From: redpointai
The relevance and adoption of open source models have been a significant point of discussion and surprise in the AI community. While hobbyist and local Llama communities show enthusiasm, enterprise adoption has been surprisingly low and declining.
Surprising Lack of Enterprise Adoption
The general sentiment among enterprise users regarding open source models is that they are “cool” but have not fundamentally altered the adoption path of AI within businesses [00:02:46]. A specific estimate from Anker of Brain Trust suggests that open-source model usage in enterprises is around 5% and potentially decreasing [00:02:59].
This limited enterprise adoption is attributed to several factors:
- Use Case Discovery Mode: Enterprises are primarily focused on discovering practical use cases for AI, prioritizing the most powerful models available, regardless of their open-source status [00:03:11].
- Rapid Model Evolution: The constant emergence of new model generations necessitates continuous re-evaluation and discovery, making it difficult for enterprises to commit to specific open-source models [00:03:22].
- Licensing Debates: While discussions around licenses are common, they haven’t translated into significant shifts in AI adoption patterns [00:02:50].
Open Source Catch-Up and its Nuances
Despite the adoption challenges, there was initial surprise at how quickly open source models caught up to proprietary ones in terms of performance [00:03:32]. It was initially unclear if closed-source models would maintain a compounding advantage, but the gap has felt like it’s shortened [00:03:37].
However, this “catch-up” is nuanced:
- DeepSeek’s Role: The rapid advancement attributed to open source is largely due to the efforts of specific entities like DeepSeek, rather than a collective “team open source” [00:04:11]. There is now evidence that DeepSeek may cease open-sourcing its models [00:04:16].
- Distillation vs. Original Training: Much of the perceived “catching up” involves distilling knowledge from models like DeepSeek, which is an easier task than training competitive models from scratch [00:04:30].

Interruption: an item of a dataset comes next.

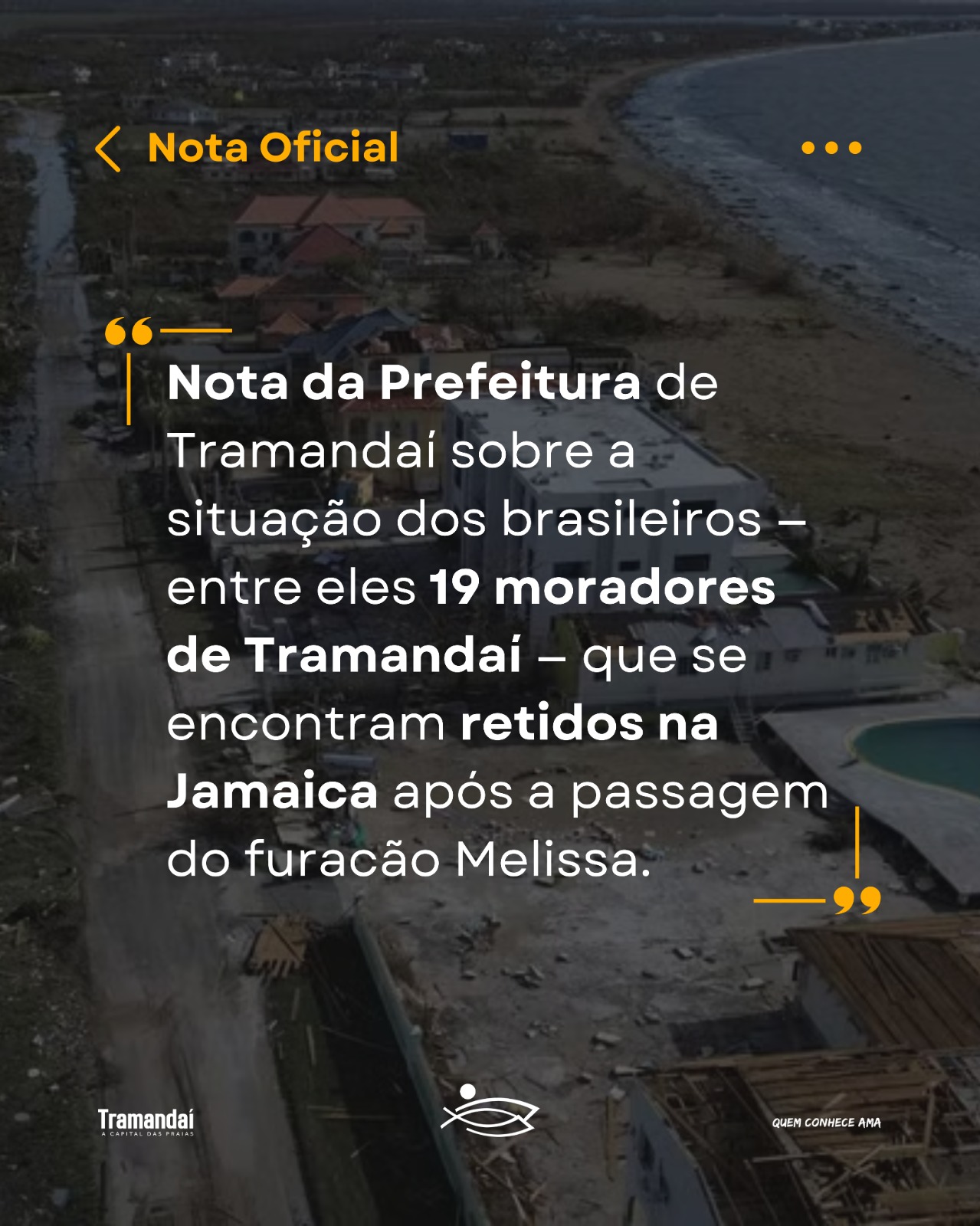 A Prefeitura de Tramandaí informa que está acompanhando com grande preocupação a situação dos brasileiros — entre eles 19 moradores de Tramandaí — que se encontram retidos na Jamaica após a passagem do furacão Melissa, que atingiu o país na última terça-feira (28) com ventos de até 298 km/h, sendo classificado como categoria 5, a mais alta na escala de intensidade.

- Replication vs. Innovation: Replicating existing models is significantly cheaper than creating fundamentally new ones [00:04:48]. While DeepSeek was a strong new entrant, it didn’t fundamentally introduce new concepts [00:04:59].
Unique Contributions of Open Source Models
Despite these challenges, some open-source models have offered unique contributions. The R1 model, for instance, was noted for having “full traces,” which is considered a net unique feature in the open-source ecosystem [00:05:15].

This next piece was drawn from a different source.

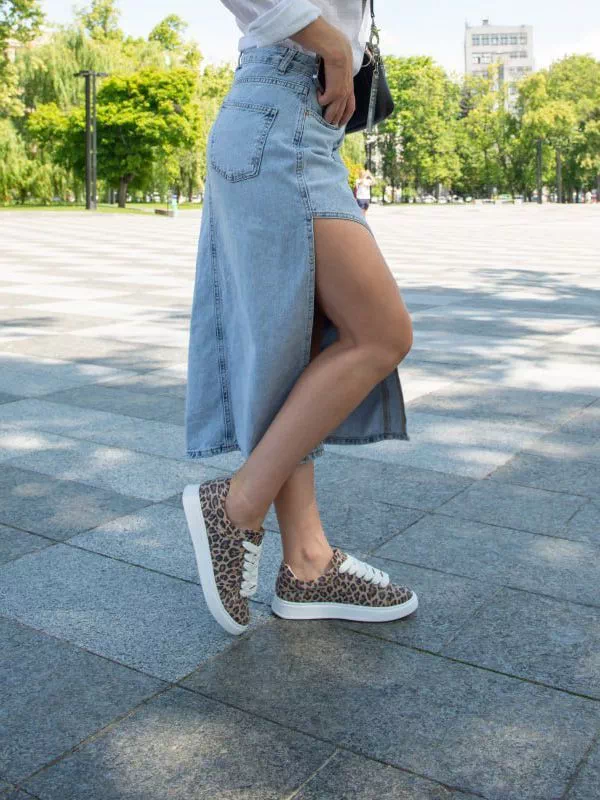 Интересные женские кеды пудрово-леопардового оттенка на любые случаи жизни.

Challenges for New Model Players
The continued emergence of new companies focused on training models is viewed as “overhyped” given the current landscape [00:16:14]. While there might be opportunities for new model players, a clear rationale for what they would offer that is currently missing is not apparent [00:16:26]. Many new model companies aim to pursue AGI or hit all benchmarks, which is not sustainable for all [00:16:39].
“If there is something like that that these companies can latch on to and being their sort of known for being the best at maybe there’s a case for that. Largely though I do agree with you that I don’t think there should be at this point more model companies.” [00:17:21]

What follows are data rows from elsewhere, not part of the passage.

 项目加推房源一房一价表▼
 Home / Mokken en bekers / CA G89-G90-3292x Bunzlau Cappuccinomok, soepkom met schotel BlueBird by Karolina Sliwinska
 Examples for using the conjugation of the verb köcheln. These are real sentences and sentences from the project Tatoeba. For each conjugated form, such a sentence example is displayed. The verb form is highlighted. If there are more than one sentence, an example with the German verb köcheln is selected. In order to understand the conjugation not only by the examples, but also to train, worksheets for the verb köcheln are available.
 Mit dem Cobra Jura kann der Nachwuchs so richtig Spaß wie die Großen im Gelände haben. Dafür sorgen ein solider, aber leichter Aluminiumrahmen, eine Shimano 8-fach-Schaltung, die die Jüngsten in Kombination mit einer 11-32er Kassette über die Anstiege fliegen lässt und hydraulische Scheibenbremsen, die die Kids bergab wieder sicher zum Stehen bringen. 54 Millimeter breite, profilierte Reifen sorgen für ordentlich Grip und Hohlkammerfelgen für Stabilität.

The prevailing sentiment suggests that a general-purpose model is the optimal approach, and training hyper-specific models, while potentially cheaper and faster, typically does not yield higher quality [00:19:16]. Historical examples, such as the Bloomberg GPT model, showed that general-purpose models often surpass specialized ones, leading to the conclusion that “closed models were better” for many applications [00:20:00].
[!INFO] Exception: Specialized Models for Unique Datasets There is still perceived opportunity for specialized models when they leverage unique datasets, such as those found in robotics, biology, or material science, where substantial new data is required [00:17:34]. These fields involve wet labs and extensive experimentation, providing distinct data advantages [00:17:53]. However, the core LLM agent space remains challenging for new entrants due to competition from larger players [00:18:02].